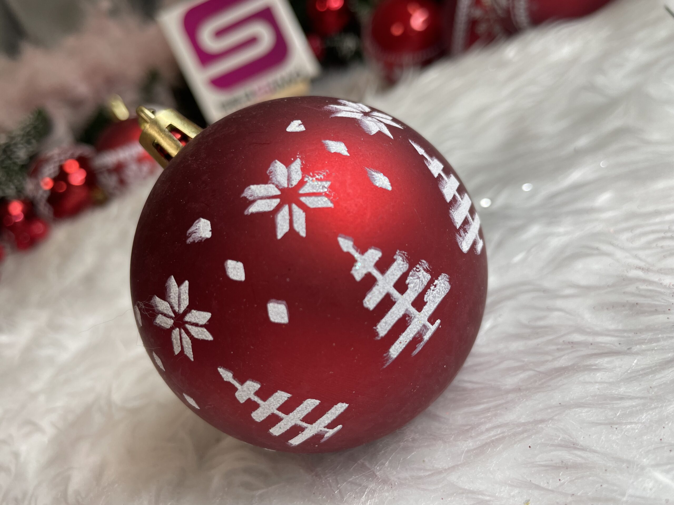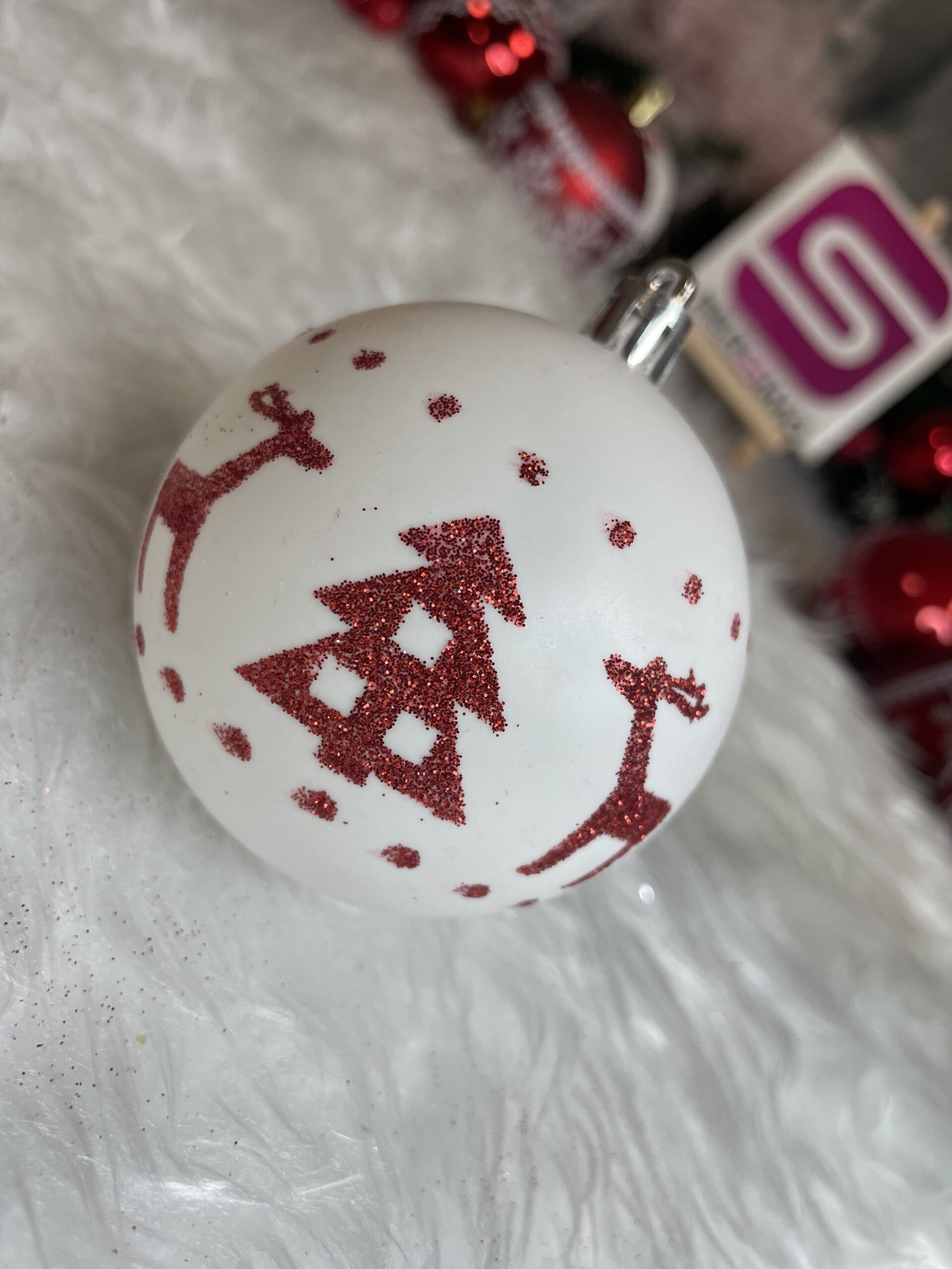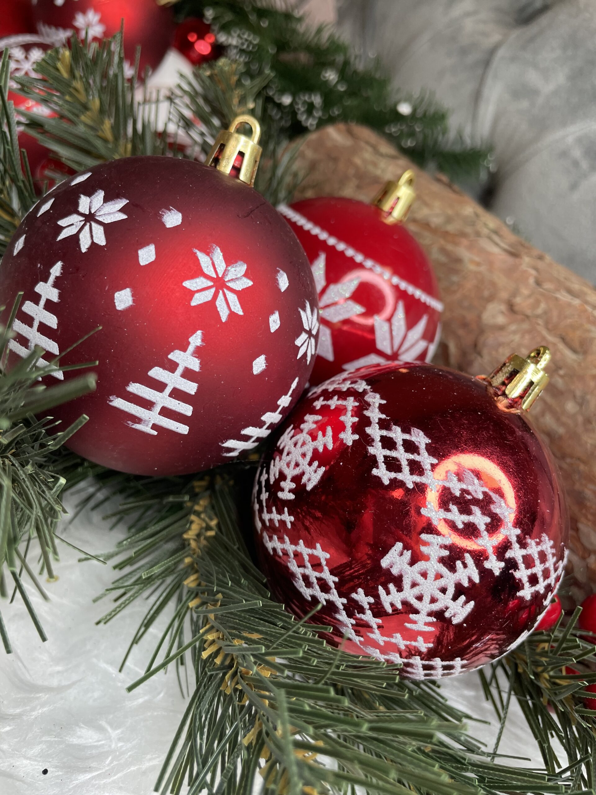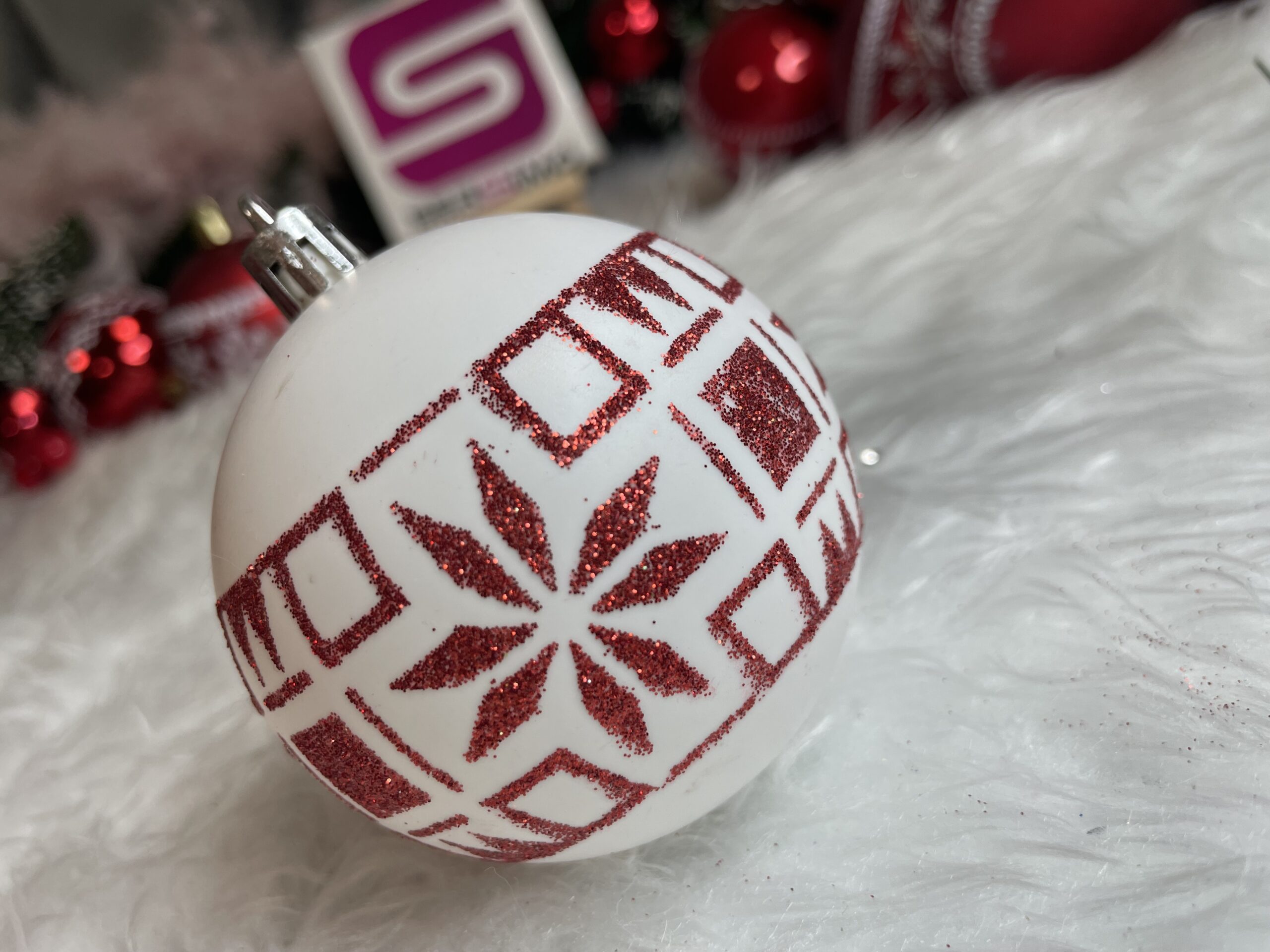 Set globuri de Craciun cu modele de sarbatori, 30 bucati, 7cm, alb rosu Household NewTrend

--*--

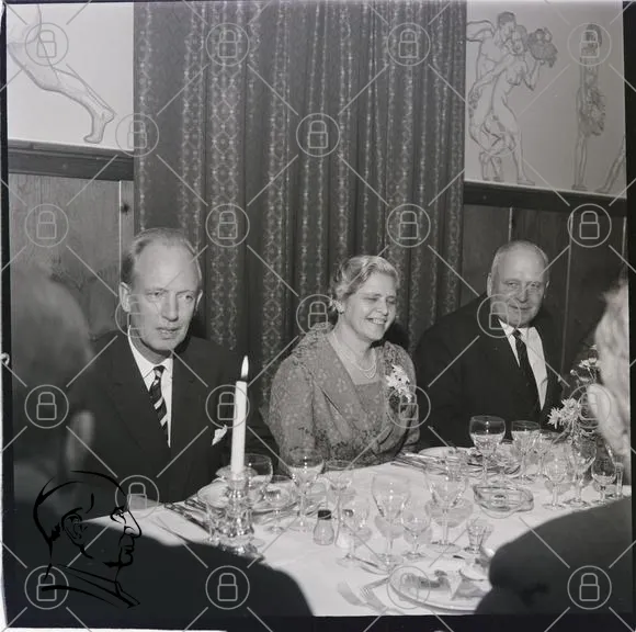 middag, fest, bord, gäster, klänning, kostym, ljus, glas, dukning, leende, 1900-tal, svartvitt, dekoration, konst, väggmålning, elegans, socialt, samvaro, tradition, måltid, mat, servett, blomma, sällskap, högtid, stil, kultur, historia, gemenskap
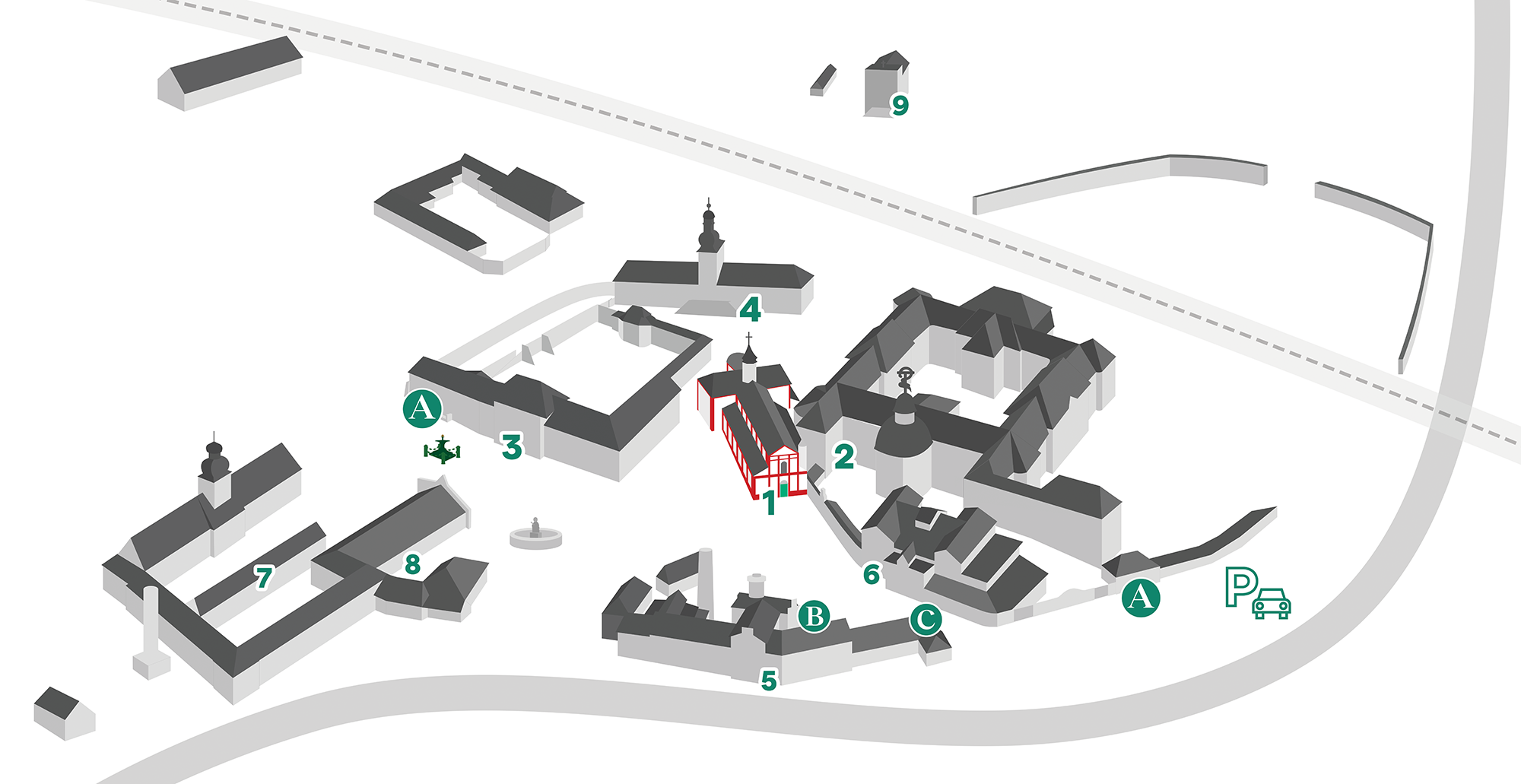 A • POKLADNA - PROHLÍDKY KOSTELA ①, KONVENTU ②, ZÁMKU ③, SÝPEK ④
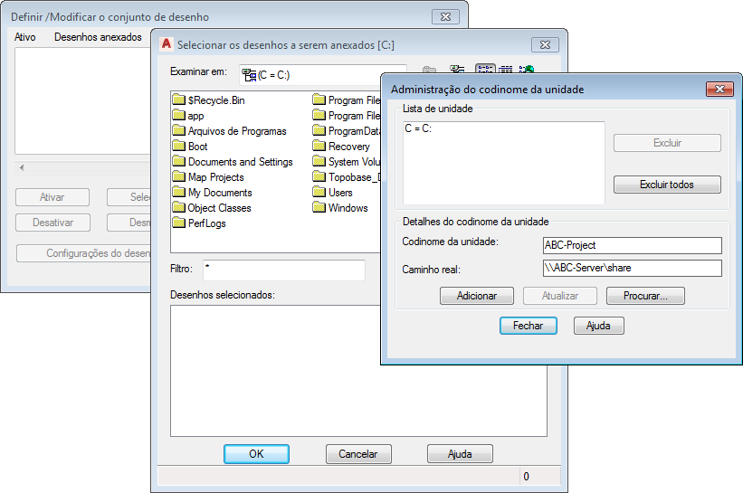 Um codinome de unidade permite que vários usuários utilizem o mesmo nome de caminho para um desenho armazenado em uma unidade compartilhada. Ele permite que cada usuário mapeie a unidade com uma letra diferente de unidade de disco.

--*--

■ **Exercise prompt**: Given the listing above, repeat exactly the lines starting at the one with "A • POKLADNA" and ending at the one with "Um codinome de", inclusive, excluding pictures.

■ **Your solution**:
 A • POKLADNA - PROHLÍDKY KOSTELA ①, KONVENTU ②, ZÁMKU ③, SÝPEK ④
 Um codinome de unidade permite que vários usuários utilizem o mesmo nome de caminho para um desenho armazenado em uma unidade compartilhada. Ele permite que cada usuário mapeie a unidade com uma letra diferente de unidade de disco.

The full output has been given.